Input for this task:
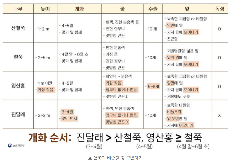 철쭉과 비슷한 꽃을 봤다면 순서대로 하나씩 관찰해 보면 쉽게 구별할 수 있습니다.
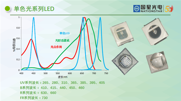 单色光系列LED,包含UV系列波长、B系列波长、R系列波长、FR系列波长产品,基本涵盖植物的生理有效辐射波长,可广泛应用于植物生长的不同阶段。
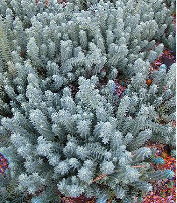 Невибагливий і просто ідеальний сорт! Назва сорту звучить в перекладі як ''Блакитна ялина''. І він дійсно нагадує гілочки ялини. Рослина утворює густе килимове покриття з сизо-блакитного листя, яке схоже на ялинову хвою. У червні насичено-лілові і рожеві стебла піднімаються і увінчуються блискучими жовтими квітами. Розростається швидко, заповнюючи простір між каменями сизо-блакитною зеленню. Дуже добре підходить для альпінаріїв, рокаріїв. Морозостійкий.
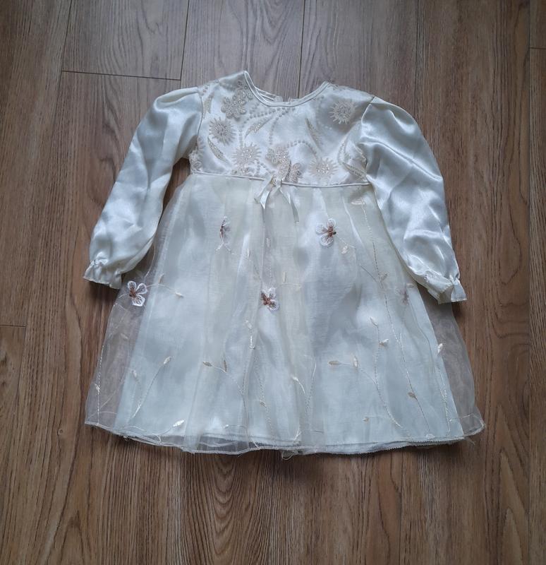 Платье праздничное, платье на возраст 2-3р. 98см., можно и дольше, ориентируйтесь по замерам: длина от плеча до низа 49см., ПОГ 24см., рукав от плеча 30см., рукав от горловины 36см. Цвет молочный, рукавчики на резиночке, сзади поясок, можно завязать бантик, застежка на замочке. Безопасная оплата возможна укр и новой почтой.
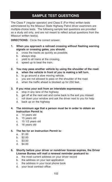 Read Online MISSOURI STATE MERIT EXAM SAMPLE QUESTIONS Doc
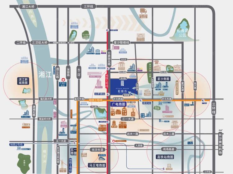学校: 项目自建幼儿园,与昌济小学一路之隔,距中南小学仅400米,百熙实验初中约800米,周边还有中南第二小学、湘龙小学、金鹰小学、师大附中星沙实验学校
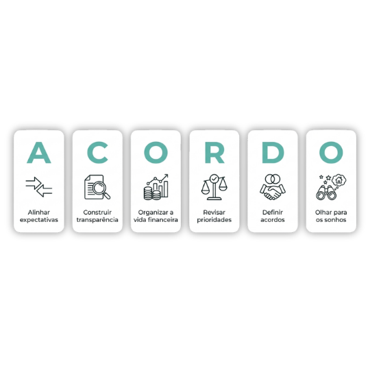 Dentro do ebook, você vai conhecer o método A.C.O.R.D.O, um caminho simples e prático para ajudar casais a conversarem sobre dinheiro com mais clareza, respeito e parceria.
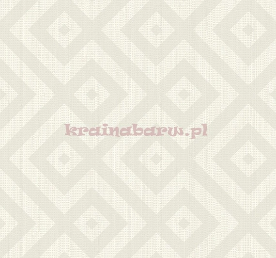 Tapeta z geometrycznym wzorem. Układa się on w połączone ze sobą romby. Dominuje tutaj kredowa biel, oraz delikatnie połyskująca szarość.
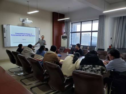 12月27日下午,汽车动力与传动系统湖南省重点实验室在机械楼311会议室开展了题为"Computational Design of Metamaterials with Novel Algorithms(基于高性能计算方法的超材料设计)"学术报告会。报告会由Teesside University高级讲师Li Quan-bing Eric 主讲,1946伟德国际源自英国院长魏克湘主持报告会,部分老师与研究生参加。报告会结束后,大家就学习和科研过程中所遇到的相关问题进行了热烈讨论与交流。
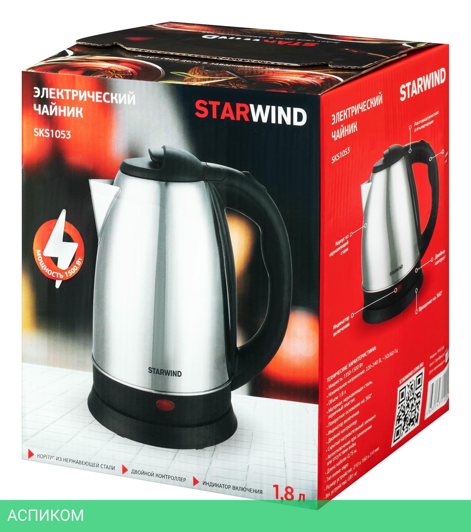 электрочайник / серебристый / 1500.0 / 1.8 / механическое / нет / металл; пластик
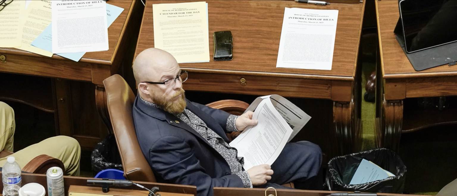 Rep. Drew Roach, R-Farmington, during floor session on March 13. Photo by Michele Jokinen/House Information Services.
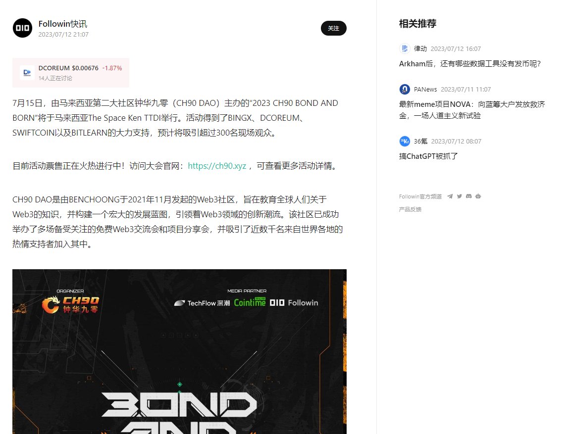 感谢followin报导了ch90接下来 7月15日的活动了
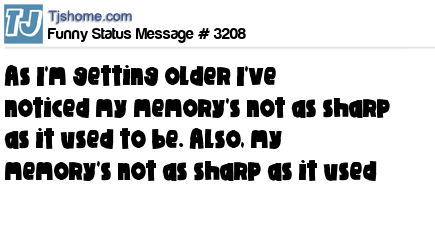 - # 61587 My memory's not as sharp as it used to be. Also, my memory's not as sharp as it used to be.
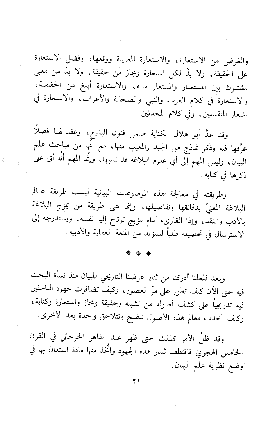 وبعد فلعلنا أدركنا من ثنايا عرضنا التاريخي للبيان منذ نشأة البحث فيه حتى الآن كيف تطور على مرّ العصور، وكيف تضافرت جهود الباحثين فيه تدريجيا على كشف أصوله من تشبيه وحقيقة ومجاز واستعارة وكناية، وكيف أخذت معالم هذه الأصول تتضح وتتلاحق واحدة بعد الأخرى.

==

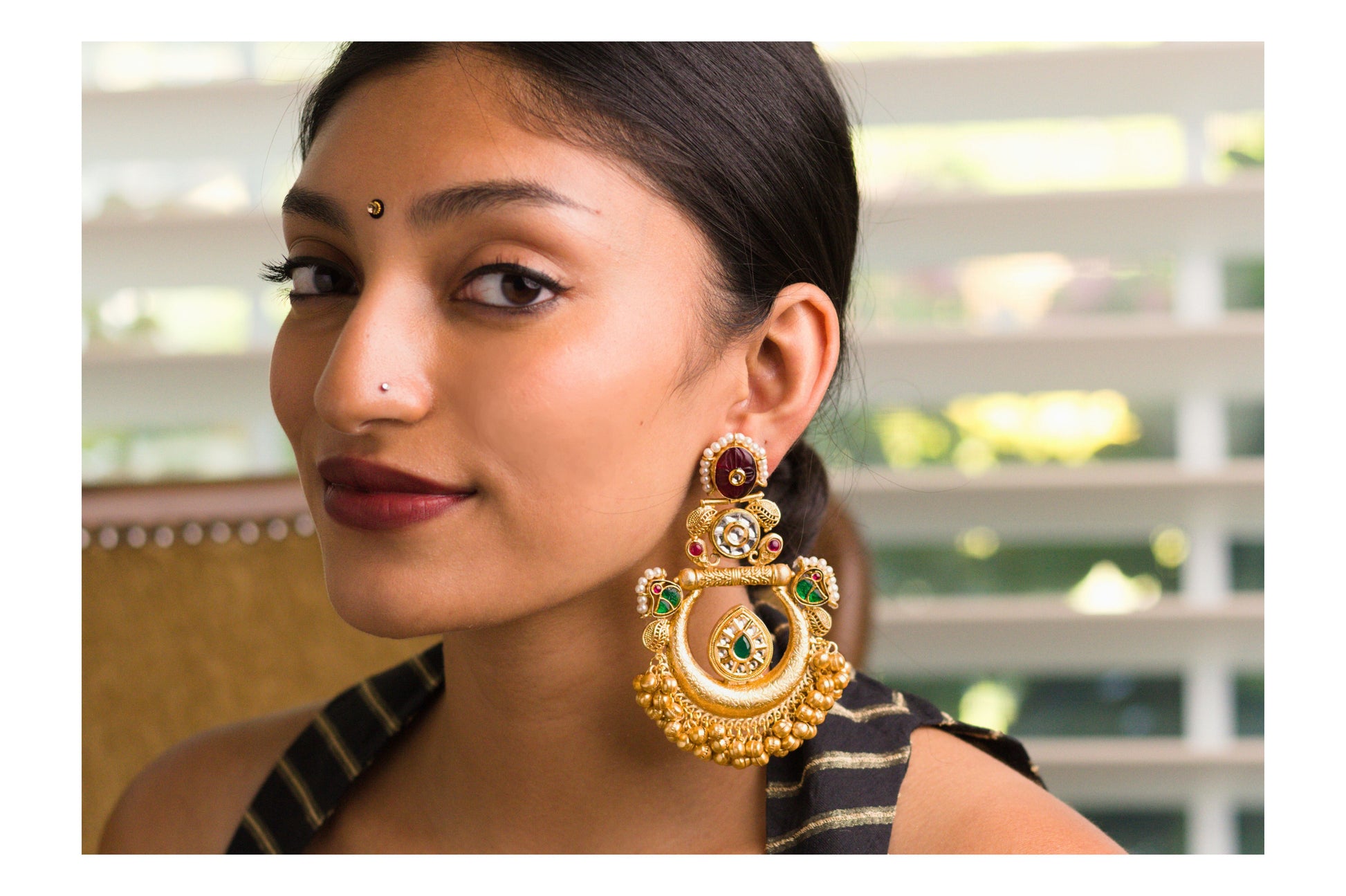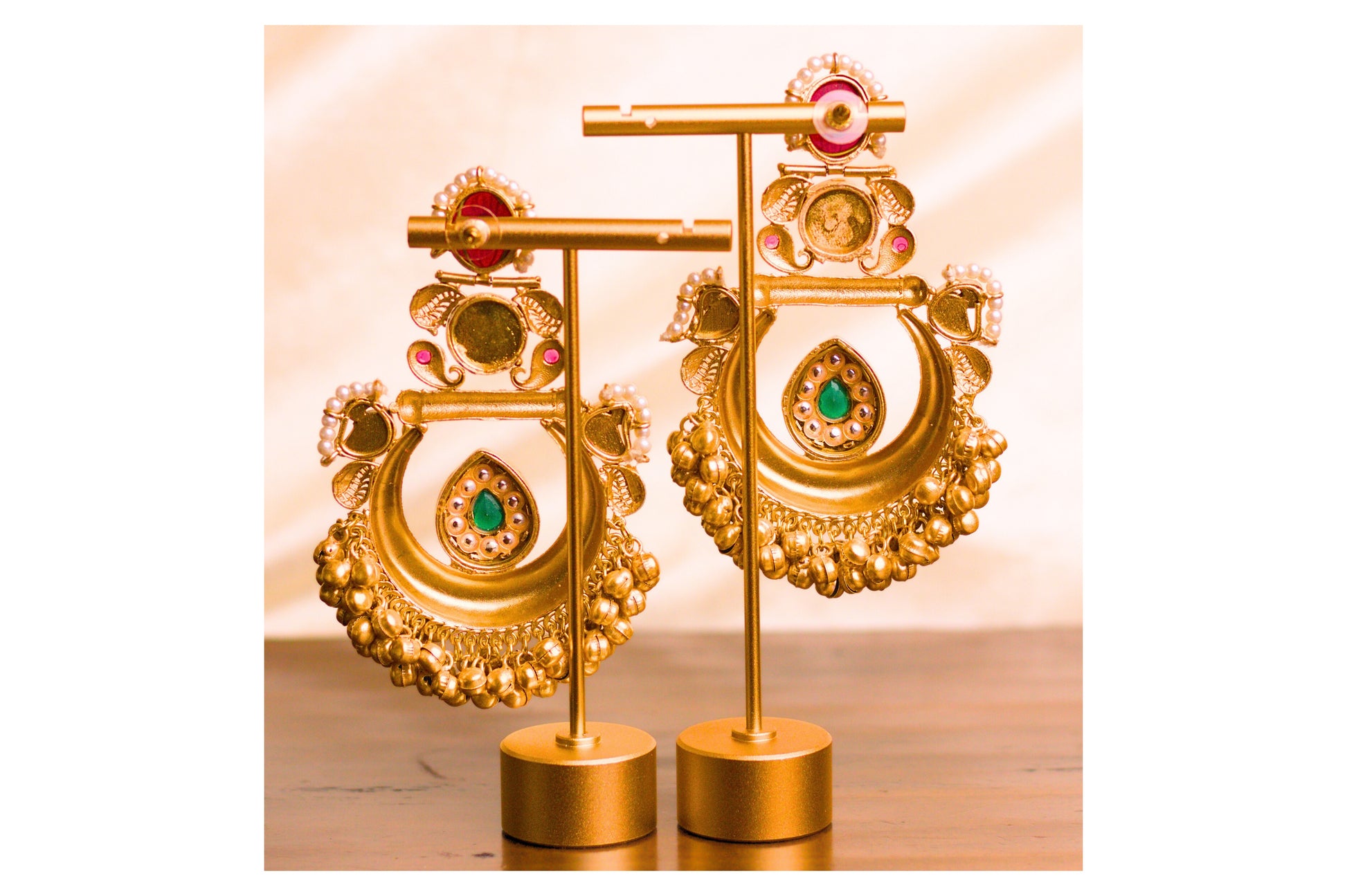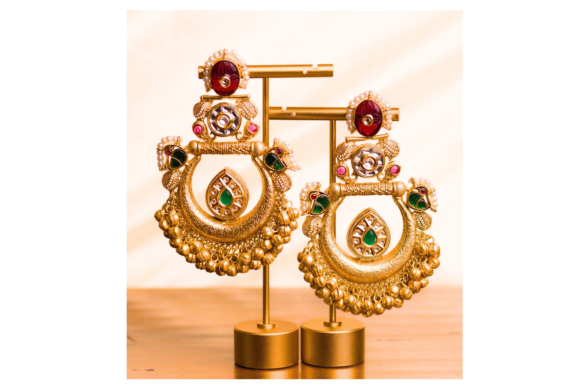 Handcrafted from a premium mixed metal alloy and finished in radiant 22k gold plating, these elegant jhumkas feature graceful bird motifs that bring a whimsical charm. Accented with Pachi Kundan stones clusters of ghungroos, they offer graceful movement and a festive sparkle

What you have to do: With pictures omitted, repeat the entries above word for word from the line holding "感谢followin报导了ch90接下来 7月15日的活动了" down to the line holding "- # 61587 My", keeping both of those lines.

Task result:
 感谢followin报导了ch90接下来 7月15日的活动了
 - # 61587 My memory's not as sharp as it used to be. Also, my memory's not as sharp as it used to be.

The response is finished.